On June 28, 2024, the US IRS and Treasury released final digital asset tax reporting regulations. These mandate brokers withhold taxes and report annually on sales or exchanges involving cryptocurrencies, NFTs, tokenized securities, and other digital assets. It also addresses other Form 1099 reporting requirements, such as income from staking rewards, airdrops, and interest.
The traditional methods for tracking financial assets do not work for digital assets. The data must be captured at the time of transaction. It is difficult to get the necessary data after the completed transaction. Additionally, many digital asset holders were not required to provide basic information when signing up. Brokers and wallet holders now have to track down each customer to secure KYC details. And to further differentiate from traditional assets, digital assets can be bought, sold and used globally 24x7x365.
This presents a unique challenge for product managers when adding crypto the mix of financial assets to be ready for the 1099-DA which start in 2025. Given these changes, digital asset service providers must now begin developing an end-to-end operating model that ensures compliance while remaining customer-centric.
The process can seem overwhelming, but here are a few practical steps for starting the process to capture the required data for 1099-DAs.

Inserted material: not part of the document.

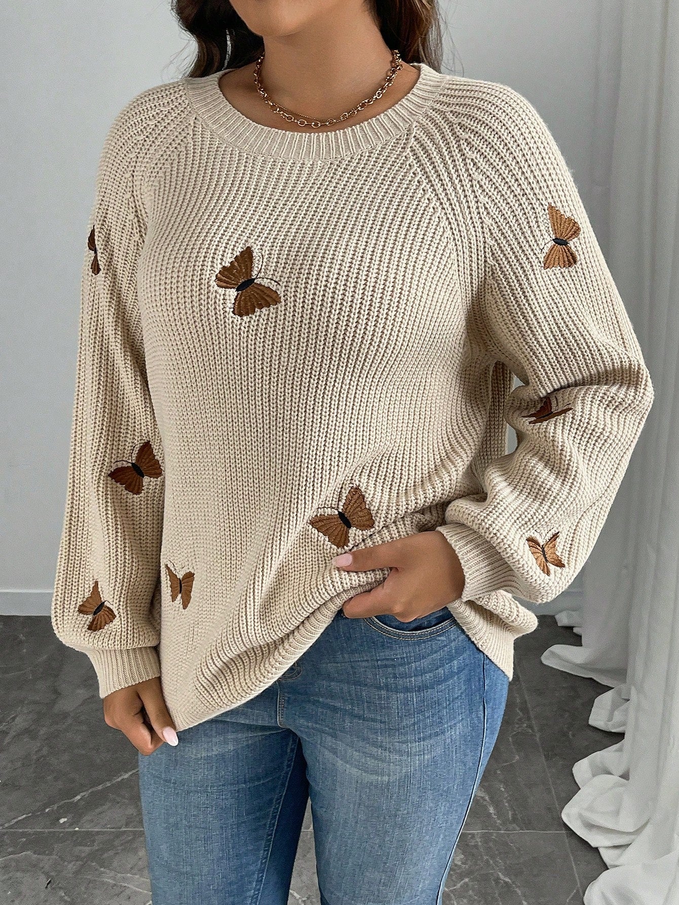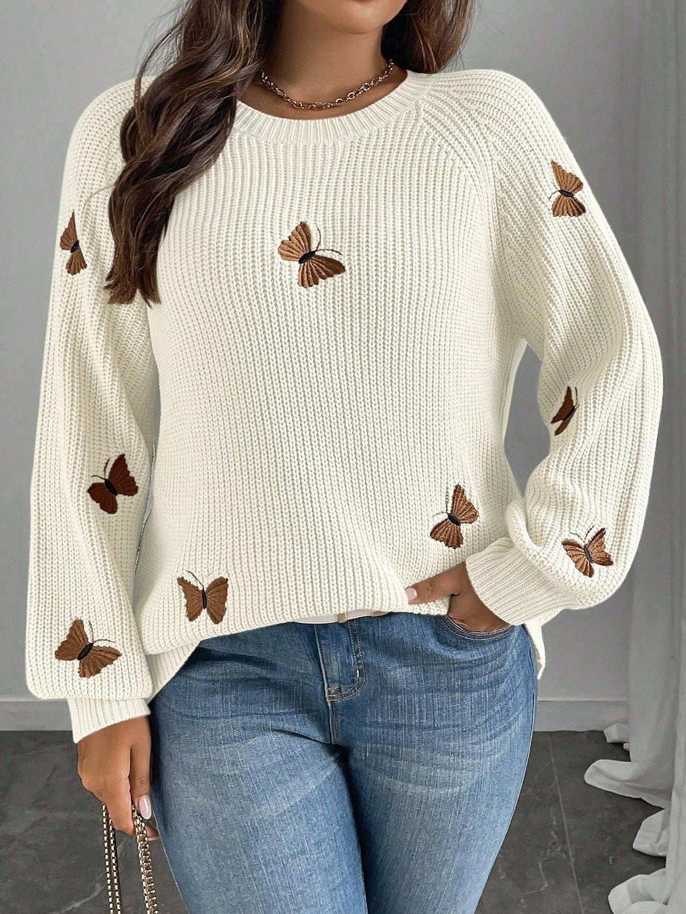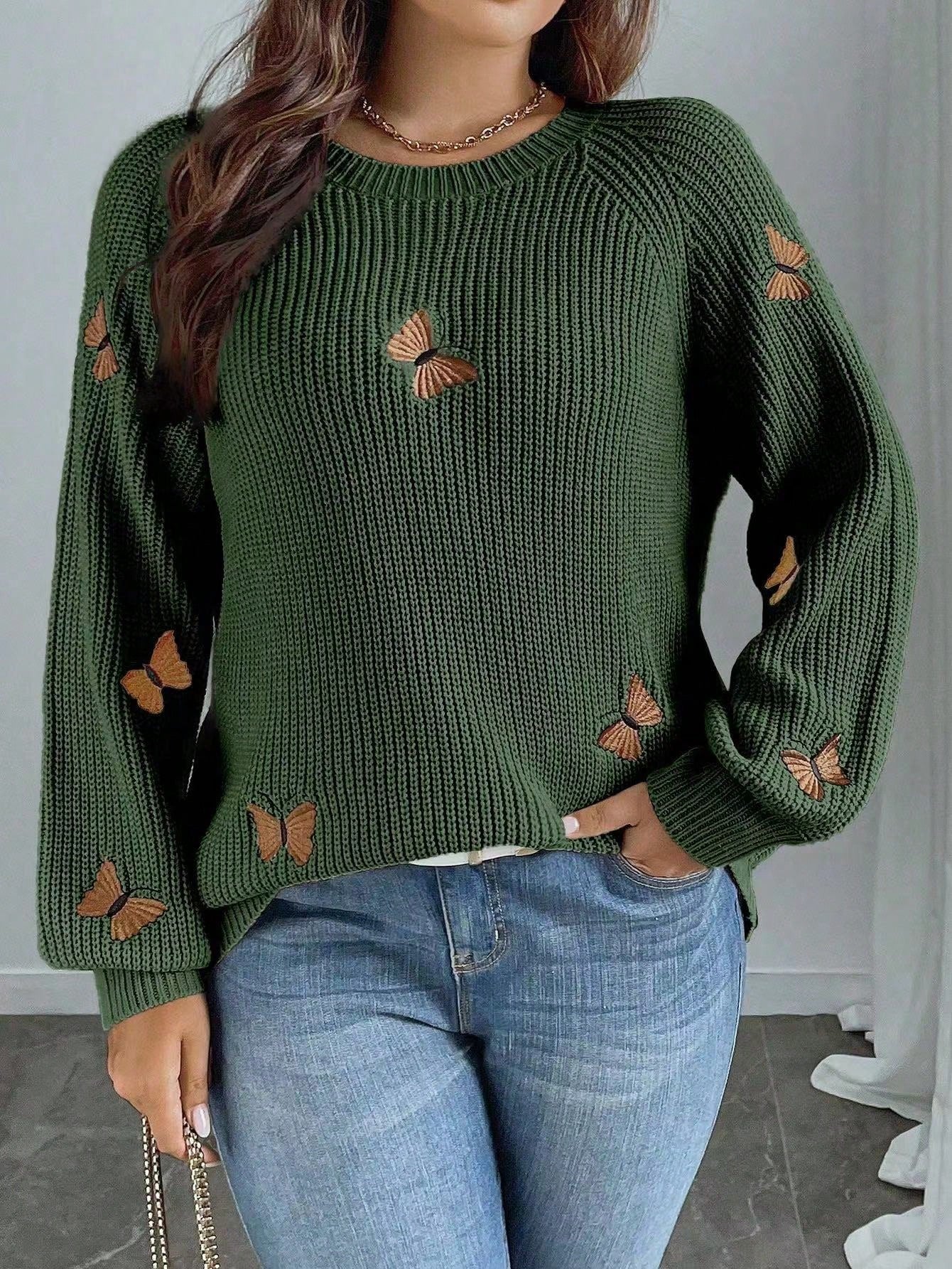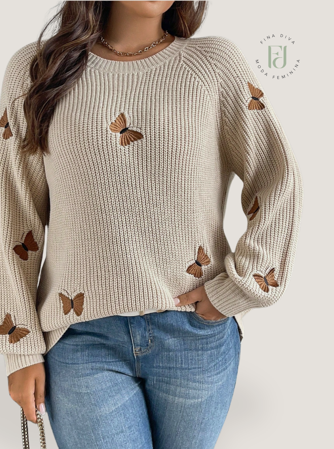 Suéter Feminino com Bordado de borboleta plus size Giorgia

- Understanding the penalties and timeline. While it’s not all due to start next year, the foundation built to track digital assets can be leveraged for future deadlines for digital asset earnings, staking, interest and more.
- Plan a lengthy timeline to be able to capture customer KYC details as resistance from some in the digital asset community can be expected.
- Use current reports and documents for any overlap in data fields. One intake record to share data with multiple IRS forms.
- Manage data and customer lifecycle on a continual basis.
- Establish a steering committee for stakeholder management and governance.
- Evaluate internal and external resource options for technology and ongoing training/education.
- Create written policy and procedures with workplace instructions.
- Define a budget and who owns it. Lean on software vendors to write the RFPs.
It is up to the agent to assess the tax withhold on payments applied before funds are paid to the customer. If this is not done accurately, the agent is liable.